Category: WTO Sub-category: Intellectual Property
Document type: news

18-Jul-2011 | 14:38 IST | Edited by: Vishal Bagaria

Austin-based Convergen LifeSciences Inc. has announced a second new patent in months, which is instrumental for the applications for their experiments on treatment for lung cancer.

The company's chief operating and financial officer stated that the newly acquired patent would stretch the usage of CNVN202 to literally all forms of cancers and would extend the use of their patented technologies to incorporate cancer diagnostic and screening tools.

The patent covers CNVN202, a drug therapy targeted at the molecular level that is undergoing clinical trials with lung cancer patients.

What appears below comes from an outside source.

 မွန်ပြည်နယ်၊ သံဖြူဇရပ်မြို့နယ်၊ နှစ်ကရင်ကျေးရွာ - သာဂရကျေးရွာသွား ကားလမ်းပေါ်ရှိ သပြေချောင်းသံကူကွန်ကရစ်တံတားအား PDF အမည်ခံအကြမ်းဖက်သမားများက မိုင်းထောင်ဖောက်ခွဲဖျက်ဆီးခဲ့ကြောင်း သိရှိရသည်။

It caters to a tumor suppressor gene, delivered intravenously, to kill cancer cells without affecting healthy cells.

Emerged from Introgen Therapeutics Inc., Convergen LifeSciences operates on $4.5 million state grant while it searches for private investors, after a heavy loss incurred in 2008.

The patent was granted jontly by the U.S. Patent and Trademark Office to the University of Texas System Board of Regents and the U.S. Department of Health and Human Services. It is exclusively licensed to Convergen LifeSciences, among the other 23.

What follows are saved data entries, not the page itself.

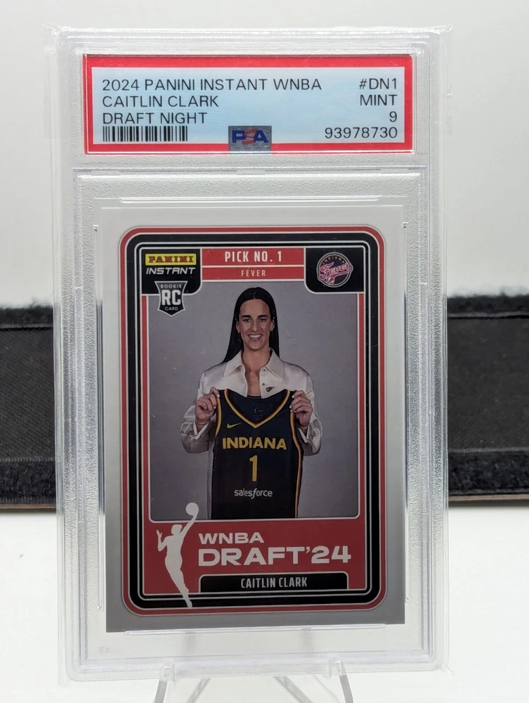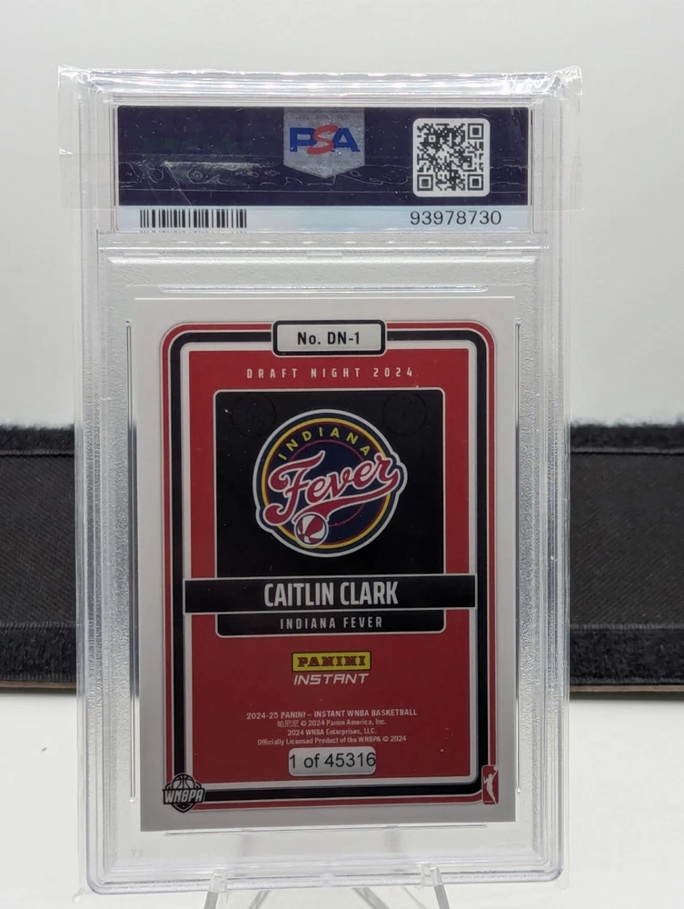 This rare and highly sought-after Caitlin Clark RC trading card is a must-have for any basketball fan and collector. Featuring the rising star of the Women's National Basketball Association (WNBA), this 2024 Panini card is part of the INSTANT collection and features a stunning draft night design. The card is certified with number 93978730 and has been professionally graded with a score of 275022. With its sleek and modern design, this sports trading card showcases the manufacturer's expertise and attention to detail. The card is a rookie card and features the player's name, league, and season. It is a valuable addition to any collection and is sure to impress. Don't miss your chance to own this rare card.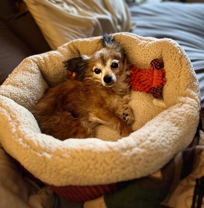 Promising review: "I was concerned that my senior pooch, who sleeps in the corner of my bedroom, wasn’t warm enough on cold nights (I turn down the heat) even though his old bed had several layers of blankets and a pillow. So this one seemed ideal ... I put this one inside his old bed (a hand-me-down from a larger dog), and he took to it immediately! It’s the perfect size for him (a beagle/Corgi cross, maybe), and he looks very happy all snuggled up in it." —Karen Templeton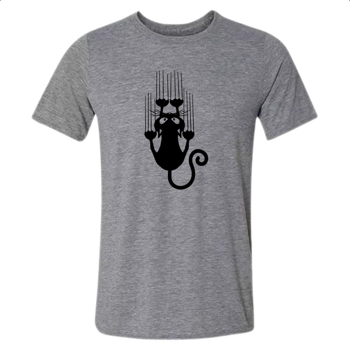 Camiseta Cinza Gato escorregando pela camiseta

This patent shall unquestionably fortify the increasing intellectual property portfolio of the company.  The $4.5 million grant, the second-largest so far, from the state's Emerging Technology Fund, captured attention due to the relationship between Gov. Rick Perry and Nance. Nance is a campaign donor and friend who has advised Perry on biotech issues and attended an international business conference in Israel in 2009 with the governor and his family. Perry twice has given Nance's organizations money after Introgen went bankrupt.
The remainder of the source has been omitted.